The Dreadnought, enraged at its inability to reach the slaughter, turned to the nearest target, and blasted a Heavy Destroyer. The second darted too near and the Dreadnought’s flail separated it from its body, which whirled away and exploded. The Plague Marines slaughtered Celestines and Warriors with equal ease, losing only two more of their number. The Demon Prince evaded the sniper and fell on hapless Sisters of Battle as they emerged from their Rhino. In the far Southeast, a brilliant light filled the sky, and Celestine reappeared, sounding the retreat. Abaddon and the Deceiver had fallen, and there was little use in wasting her force on the remains. Let the mechanical monstrosities and the fallen marines ruin each other. If the assassin could kill the Demon Prince, this battle would end.
That’s it. Here were the high points. 1) Basically, the whole battle was an excuse to square off the Deceiver and Abaddon. Once the Deceiver fell, Chaos didn’t care what happened, and in fact attacked me for no good reason, since he could have won by eliminating Celestine when she came back. We learned that it’s all about the Drach’nyen in a battle between the Big D and the Big A. He rolled nine attacks in two rounds of combat, which gave him something like seventeen, rerolling a bunch of stuff. If the Deceiver had survived two rounds of attacks (Abaddon goes first) he’d have won. 2) We fully expected our Inquisition friend to run like the little girls he plays. He had a huge advantage in the mission because he could die and come back, winning as long as Abaddon and the Deceiver went down. When he grew some stones and took out Abaddon, he started flexing and shouting at the top of his lungs, “I’m not a pussy! I’m not a pussy!” I couldn’t get off the floor, I was laughing so hard. 3) The plague marines took 80 gauss shots, then an assault by wraiths and scarabs, and lost TWO models. I think he had two left at the end of the game after assaulting my entire army with one unit. 4) The mission sort of sucks for Necrons, since I can’t make a WBB until my turn. I lost one Wraith in each round of combat, but never got to roll for them. Same with the Heavy Destroyers. 5) Chaos players can’t be trusted. We made a deal that we’d go after the Sisters, so I Veiled in range of his Demon Prince, didn’t shoot his now exposed Plague Marines, and didn’t blow up his Dreadnought with my Heavy Ds. He promptly assaulted both me and the Sisters. A dirty, brilliant, and entirely in-character moment. Admirable, really. I still can’t get the knife out of my back. I guess I forgot I play something called “The Deceiver.”

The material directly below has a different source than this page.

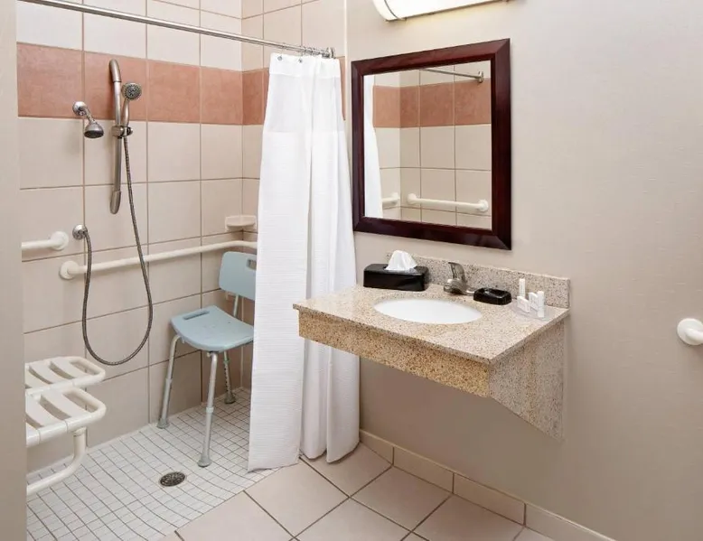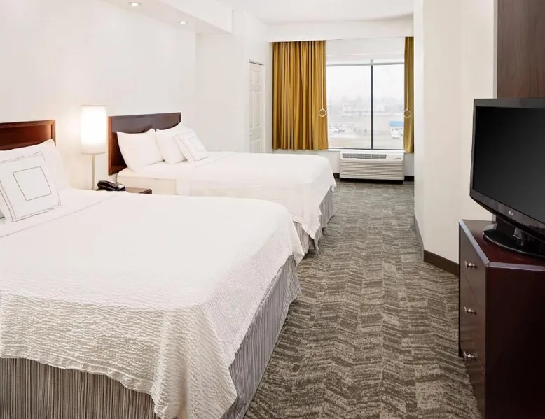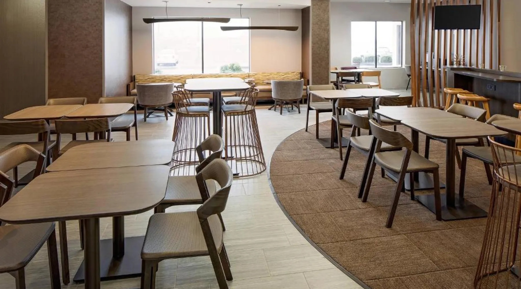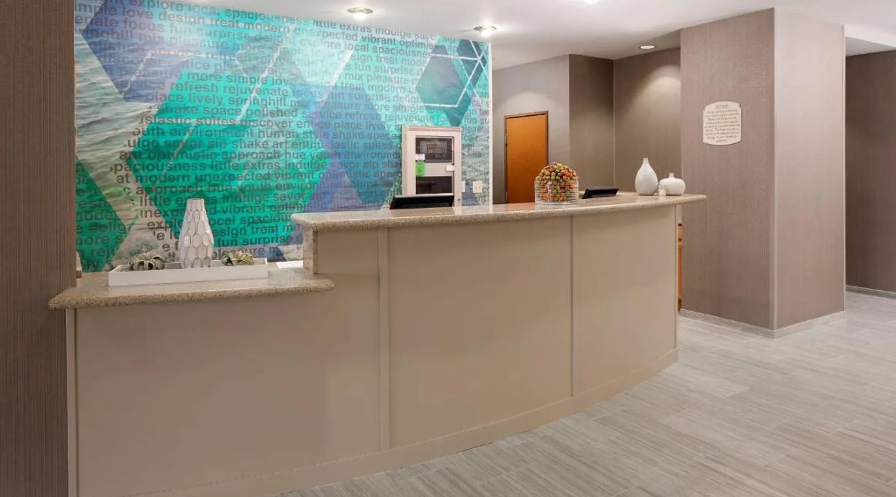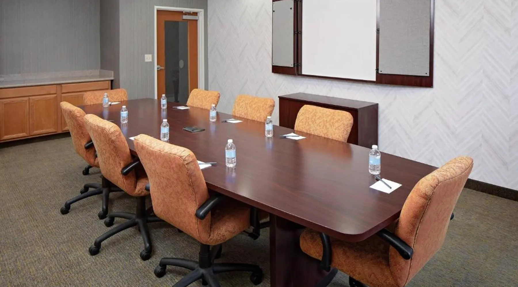 Comfortable Accommodations: SpringHill Suites by Marriott Ardmore in Ardmore offers family rooms with air-conditioning, private bathrooms, and modern amenities. Each room includes a work desk, refrigerator, and TV, ensuring a pleasant stay. Facilities and Services: Guests can enjoy a fitness center, 24-hour front desk, business area, and free on-site parking. The hotel provides a continental breakfast, a dining area, and a mini-bar for added convenience. Guest Satisfaction: Visitors appreciate the room cleanliness, the quality of the breakfast provided by the property, and the attentive staff and service support. A seating area with a flat-screen TV is featured in this room, A dining area, microwave, and refrigerator are provided.

Sounds good. This mission is always good for a change. It first came out, that I know of, in a WD back in 3rd ed 40k. The original battle was between 3 ork warbossess and each unit had to roll to see if they woke up to what was happening - oh the carnage.
Dovie'andi se tovya sagain (It's time to roll the dice)- Mattrim Cauthon
That was a great read, well done. Sounds you had fun, and that was the whole point, ofc.